Contagiati, positivi, asintomatici. I contagi salgono, i contagi scendono. Si contano i morti: oggi un segno più, domani un segno meno. Negazionisti contro allarmisti. Un nuovo lockdown, crollo dei consumi, economia al collasso. Si fanno bilanci, si stimano cifre. Comitati tecnici, pareri degli esperti, mercati in allarme. Ormai da mesi sono queste le parole che scandiscono la nostra vita, una vita ridotta a bollettino sanitario. Mai l’esistenza umana si era ridotta a faccenda epidemiologica, a querelle tra virologi. Mai le norme igieniche erano divenute i princìpi ispiratori della società. Mai il destino dei popoli era stato messo nelle mani della scienza profana, in balia di ipotesi statistiche.

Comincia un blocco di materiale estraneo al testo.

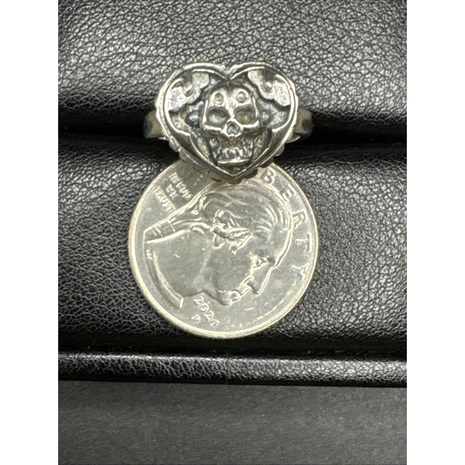 New Condition Sterling Silver Skull Heart Ring 925 Size 7

Viviamo in un presente raggelato, in un istante che si ripete identico: un tempo opaco, contratto, nel quale nulla veramente accade. Forse la catastrofe maggiore causata dalla pandemia è aver creato negli uomini l’illusione che tutto questo − queste cifre, questi dati, questi numeri − sia l’unica realtà. Non solo non si riesce a costruire un mondo diverso, ma addirittura non si riesce nemmeno a concepire che un tale mondo possa esistere: non si tratta solo di cecità, ma di una terrificante assenza di immaginazione. Al punto che abbiamo finito per considerare permanente il relativo, assoluto il transitorio. L’umanità odierna ha dimenticato una verità conosciuta da tutte le civiltà tradizionali: tutto ciò che è sotto il sole è cibo per la morte, ed è destinato a perire. “Ogni cosa perirà tranne il Suo Volto”, afferma il Corano: ebbene quanti sono − tra quelli che pure si definiscono credenti − coloro che sono in grado di comprendere questo insegnamento? Quanti sono in grado di sperimentarlo nel loro agire quotidiano, di farlo penetrare nella carne viva dei loro pensieri e dei loro sentimenti? Non solo non siamo più in grado di volgere il nostro sguardo al cielo, ma nemmeno all’orizzonte: ci limitiamo a guardare in basso, e chiamiamo questo libertà.
Naturalmente il potere agevola questa discesa, dispiegando ogni mezzo a sua disposizione affinché gli uomini si degradino sempre di più: cosa c’è di più facile che manipolare e dominare una massa amorfa, un gregge che bela all’unisono? E nella misura in cui porta avanti un’opera di costante divisione tra gli esseri umani – uomini contro donne, bianchi contro neri, gay contro etero, autoctoni contro stranieri – svela la sua natura satanica. Il diavolo è infatti il dualista per eccellenza, come ci rivela il significato etimologico della parola greca διαβάλλω: dividere, separare, è l’attività prediletta del principio della sovversione. Creare la dicotomia affinché l’Unità venga obliata, è questo il fine a cui tendono le forze del caos e i loro agenti. Per questo, oggi più che mai, quei pochi che sono ancora degni di chiamarsi umani non devono lasciarsi ingannare: tra i due schieramenti (almeno in apparenza) opposti – destra e sinistra, controrivoluzione e rivoluzione, tradizionalisti e progressisti − devono scegliere il Centro. Tra le cose che appartengono al tempo devono scegliere l’eterno, quell’eterno che nessun potere – per quanto pervasivo e spietato – ci può strappare. Poiché al di là dell’alternarsi delle albe e dei tramonti, al di sopra del frastuono delle cose terrene, del vanire delle epoche e delle ideologie, vi è qualcosa che – inalterabile, indistruttibile – continua a splendere nelle tenebre.
Smettiamola di guardare esclusivamente verso l’esterno, dimenticando che il divenire non è che l’epifania dell’essere, e volgiamo i nostri occhi verso l’interno: è con l’occhio dell’anima, come ci ricorda Platone, che si vede la realtà, quella realtà che permane immutabile, fuori della presa di ogni contingenza. Fino a che riusciremo ad identificarci con quello Spettatore beato che nulla sa dello spazio e del tempo, e non conosce né dolore né tedio, né inizio né fine. È verso l’Alto che dobbiamo tendere, verso la Fonte da cui promaniamo e alla quale un giorno faremo ritorno. Poiché non dobbiamo mai dimenticare che siamo pellegrini in viaggio, esuli che desiderano tornare a Casa. Ed è qui e ora che questa traversata, questo cammino a ritroso va compiuto. Tutto il resto, come recita la Īśā-Upaniṣad, “non è che una distesa di nodi”.